Background. Acyclovir (ACV), a highly specific anti-herpetic drug, acts as a DNA chain terminator for several human herpesviruses (HHVs), including HHV-2 (HSV-2), a common human immunodeficiency virus (HIV)-1 co-pathogen. Several trials demonstrated that HSV-2 suppressive therapy using ACV or its prodrug valacyclovir (valACV) reduced plasma HIV-1 viral load (VL) in HIV-1/HSV-2 coinfected persons, and this was proposed to be due to a decrease in generalized immune activation. Recently, however, we found that ACV directly suppresses HIV-1 ex vivo in tissues free of HSV-2 but endogenously coinfected with other HHVs. Here, we asked whether valACV suppresses VL in HIV-1 infected HSV-2-seronegative persons.

Methods. Eighteen HIV-1 infected HSV-2-seronegative individuals were randomly assigned in a double blind placebo-controlled, crossover trial. Eligible participants had CD4 cell counts of ≥500 cells/µL and were not taking antiretroviral therapy. Subjects in group A received 12 weeks of valACV 500 mg given twice daily by mouth followed by 2 weeks of a no treatment washout and then 12 weeks of placebo; subjects in group B received 12 weeks of placebo followed by 2 weeks of no treatment washout and then 12 weeks of valACV 500 mg twice daily.

Results. HIV-1 VL in plasma of patients treated with valACV 500 mg twice daily for 12 weeks was reduced on average by 0.37 log10 copies/mL.

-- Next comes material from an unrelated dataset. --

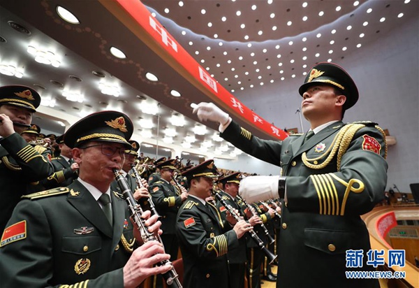 10月24日,中國(guó)共產(chǎn)黨第十九次全國(guó)代表大會(huì)閉幕會(huì)在北京人民大會(huì)堂舉行。這是軍樂(lè)團(tuán)奏《國(guó)際歌》。 新華社記者 王曄 攝
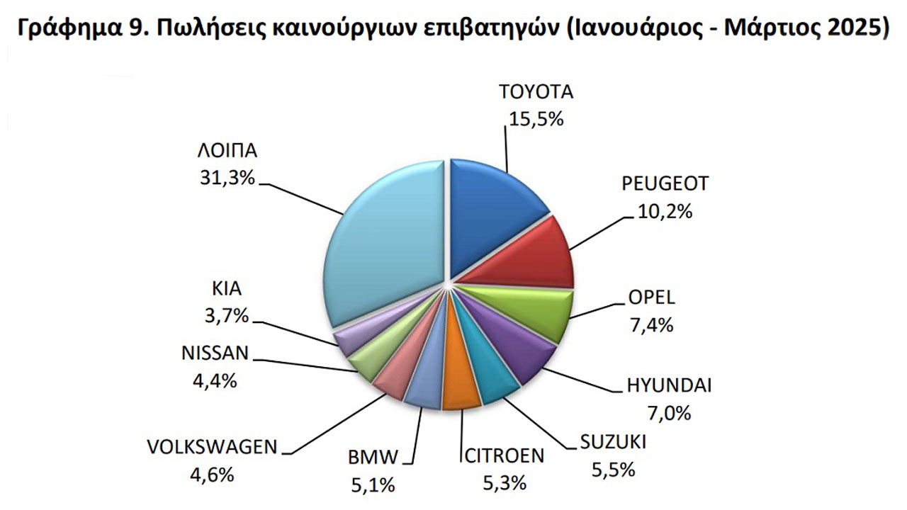 Πίσω της, στη δεύτερη θέση βρέθηκε η Peugeot με 3.391 ταξινομήσεις, αριθμός που μεταφράζεται σε 10,2% της αγοράς. Η πρώτη τριάδα ολοκληρώνεται με την Opel, των 2.444 ταξινομήσεων με μερίδιο 7,4%. Υπενθυμίζουμε κάπου εδώ ότι η Opel ξεκίνησε πολύ δυνατά μέσα στο 2025. Μάλιστα, στο πρώτο δίμηνο, το Opel Corsa είχε περάσει το άκρως δημοφιλές Toyota Yaris (δείτε εδώ πιο αναλυτικά), ενώ πρωτιά έχει και στην κατηγορία των μικρομεσαίων οικογενειακών με το Opel Astra (στο πρώτο δίμηνο του 2024).

Conclusions. These data indicate that the effects of valACV on HIV-1 replication are not related to the suppression of HSV-2-mediated inflammation and are consistent with a direct effect of ACV on HIV-1 replication.

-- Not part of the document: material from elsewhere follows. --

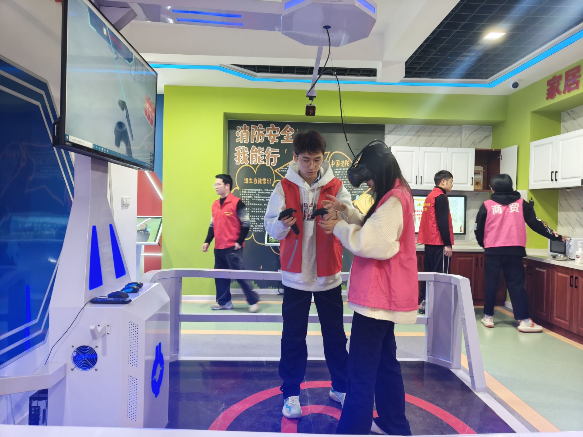 为增强学院师生安全意识,提升公众安全素质。11月8日,学院组织学生在化工学院的HSE安全体验馆接受科普教育,化工学院组织相关老师进行了详细的讲解和接待工作。学生们在老师的指导下进行了电气安全使用、火灾逃生、智能家居安全、VR自然灾害逃生、VR消防逃生以及结绳训练、缓降训练、心肺复苏等项目体验。活动期间,学生们体验到各种灾害的危险性,从日常家用电器引发安全事故、到火灾烟雾逃生,同学们按照老师的指导有条不紊的通过烟雾逃生通道,再到学习掌握各种火灾现场使用灭火器的方法,并且能够很快成功灭火等等,这些充满新意的沉浸式体验活动既让学生学习了安全知识,也使活动充满趣味性。

Acyclovir (ACV) was the first safe, potent, and specific antiviral nucleoside analogue to be approved for clinical use [1]. It is a guanosine analog that is efficiently phosphorylated by herpesvirus kinases and acts as specific chain terminator for several human herpesviruses (HHV), including HHV-1, -2 and -3 (respectively, herpes simplex viruses [HSV]-1 and 2 and Varicella zoster virus [VZV]). In the early years of the AIDS epidemic, ACV was tested in vitro for activity against human immunodeficiency virus type 1 (HIV-1) and found to be ineffective [24].

HHVs, in particular HSV-2, are among the most common co-pathogens in HIV-1 infected persons, and ACV is commonly used in HIV-1/HSV-2 coinfected patients to treat and prevent symptomatic HSV-2 infection. Several retrospective studies found that ACV treatment of HIV-1 infected individuals was associated with increased survival [5, 6]. These early observations were then corroborated by numerous more recent randomized trials, which demonstrated that HSV-2 suppressive therapy using ACV or its prodrug valacyclovir (valACV) reduced plasma HIV-1 viral load (VL) by 0.25 to 1.23 log10 RNA copies/mL in HIV-1/HSV-2 coinfected persons and delayed HIV-1 disease progression [720].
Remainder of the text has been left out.